16 Des 2011

Understanding



Keterbatasan Grace memberikan pengertian baru bagiku. Yang kami tau selama ini Grace itu galak dan mudah frustasi, tapi dia tidak akan mudah menyerah. 

Saat keadaan terlihat 'tidak adil' buatnya, maka bayi kecilku akan menjambak rambutnya sampai rontok beberapa. Atau bahkan kemudian menghempaskan jidatnya ke lantai.

Walau bukan kebiasaan juga sebenarnya. Tapi jika aku membandingkan dengan 2 saudara sebelumnya, maka menurut kami ini ‘luar biasa’... Dari apa  yang pernah aku baca; para ahli mengistilahkan ini dengan, tantrum.

Sebagian orang akan meledek, “ya buah gak jauh dari pohonnya”.  Hehehe, mengingat bagaimana temperamennya aku dulu. Tapi kemudian, tanpa bermaksud memebela diri, walaupun ini berisi pembelaan juga. “I don’t think I am gonna hurt my self that way…”. Menyakiti diri bukan cara aku. Hohoho... 

Anak sekecil itu suka menggeram dan mengancam dengan gaya menyentil, menyatukan jari-jari kecilnya untuk membentuk lingkaran kecil. Lalu bola matanya akan dibulatkan untuk menambah seram ‘kemarahannya'. Yang kenyataanya, malah menambah kegemasan kami untuk menggodanya lebih lagi dan terus demi segala actingnya itu.
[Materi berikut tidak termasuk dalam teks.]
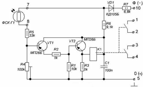 Схема фотореле фр-2 промышленного изготовления применяется для автоматического управления уличным освещением. Здесь также коммутационным устройством является реле К1. К базе транзистора VT1 подключены фоторезистор ФСК-Г1 с резисторами R4 и R5.
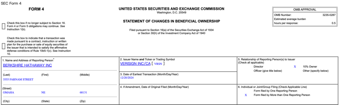 (伯克希尔·哈撒韦增持VeriSign,Form4文件。来源:SEC)

Grace mengalamai gangguan pendengaran, tuli bahasa singkatnya. Akhirnya kami tersadar, keterbatasanya itulah yang memebuatnya bermasalah dengan komunikasi (selama ini). Ternyata dia tidak pernah paham dengan ‘maksud’ kami, dan kami-pun menanggapi lain ‘maksud’nya selama ini. 

Sekarang, setiap kali memakai alat bantu dengar (ABD)-nya.  Dia akan bersembunyi dibalik tubuh siapapun yang ada didekatnya, seperti malu, tersipu-sipu tapi senang. Padahal kami belum lagi memulai komunikasi… dia hanya merasa seperti akan connected dengan sekelilingnya. Dan itu membuatnya sumrigah.

Aku mencoba menganalogikan kondisi Grace pada kehidupanku, kehidupan keras yang aku lihat dan aku kenali. Setiap orang hanya ingin dimengerti, hanya ingin didengar, hanya ingin menyampaikan kata-katanya. Dan ketika  semuanya selalu dibatasi, maka akan ada gejolak-gejolak emosi yang lahir. 

Itu pasti, bedanya hanyalah…  sebagian orang memilih untuk menerimanya sambil “makan hati” dan sebagaian lain menyuarakanya dengan aksi dan suara… (orang yang kenal aku dengan baik, tau pilihanku)… hahaha,,

Lalu kenapa ekspresi sebuah perasaan selalu diartikan negative, kenapa tidak lebih dahulu mencari tau akar masalahnya?? Karena (rasanya) tidak mungkin akan  ada asap kalau tidak ada api. Karena dimana ada aksi maka disitu akan muncul reaksi.  

Bukankah pelangi akan muncul setelah hujan reda??  Maka, akan selalu ada alasan atas setiap kejadian.. Kenapa begitu sulit untuk saling memahami??